At one of the main ceremonies, the 81-year-old Commander-in-Chief attempted to sit down at the wrong moment, then changed his mind.

His wife, First Lady Jill, put her hand in front of her mouth to whisper something urgent to her ailing husband, to no avail. The Leader of the Free World stood motionless — locked in a semi-squat — for several excruciating seconds.

It was just one of several seriously senior moments throughout the day. As French president Emmanuel Macron stood about glad-handing the hero veterans, Jill led her husband off-stage by the hand. And when Joe did have a chance to sit down, he appeared to doze off.

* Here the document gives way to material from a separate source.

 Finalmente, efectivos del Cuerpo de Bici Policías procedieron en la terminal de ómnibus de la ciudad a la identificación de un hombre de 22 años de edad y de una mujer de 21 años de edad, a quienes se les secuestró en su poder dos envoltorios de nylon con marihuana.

Donald Trump's son, Donald Jnr, wasted no time in calling Biden 'an embarrassment' — and, while no decent person should mock the elderly, it's hard to disagree.

Joe Biden holds a meeting in the Oval Office of the White House on November 13, 2023

Joe Biden holds a meeting in the Oval Office of the White House on November 13, 2023 

On Monday, Biden followed up with yet another painful senile episode. Celebrating 'Juneteenth', the ultra-woke federal holiday he signed into law to celebrate the end of slavery, he appeared to freeze once again, his gaze a million miles away for several awful seconds as people danced around him.

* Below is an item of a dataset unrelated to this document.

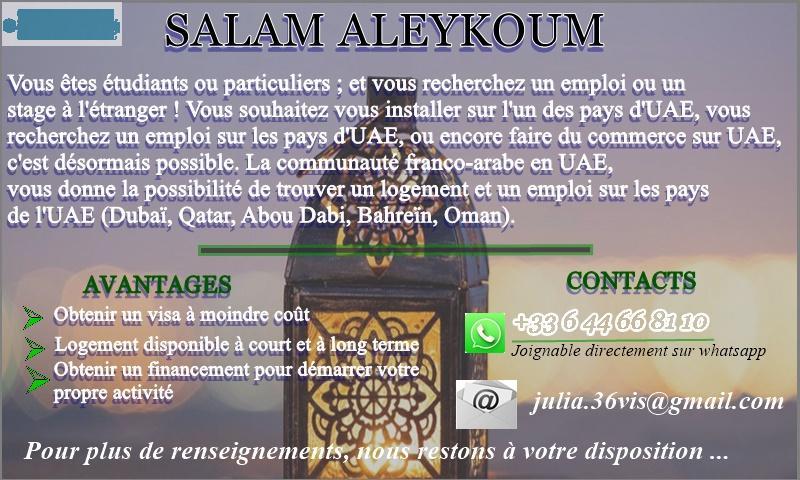 L'association française de Dubaï, vous offre la possibilité d'emménager sur les pays de l'UAE . Des emplois et des logements vous y attendent incha Allah. Pour plus de renseignements, prière de nous contacter par mail.

It's all so awkward. The President has spent three years suffering these humiliations on the world stage — and he's only getting worse. His campaign team often accuse their enemies of manipulating the footage to make him seem more gaga than he is. But there is no denying that Joe gives them plenty of humiliating material with which to work.

Worse, as November 5, the day of the presidential election, draws closer, and his schedule inevitably becomes more gruelling, the President's decline appears to be fast accelerating at just the wrong time.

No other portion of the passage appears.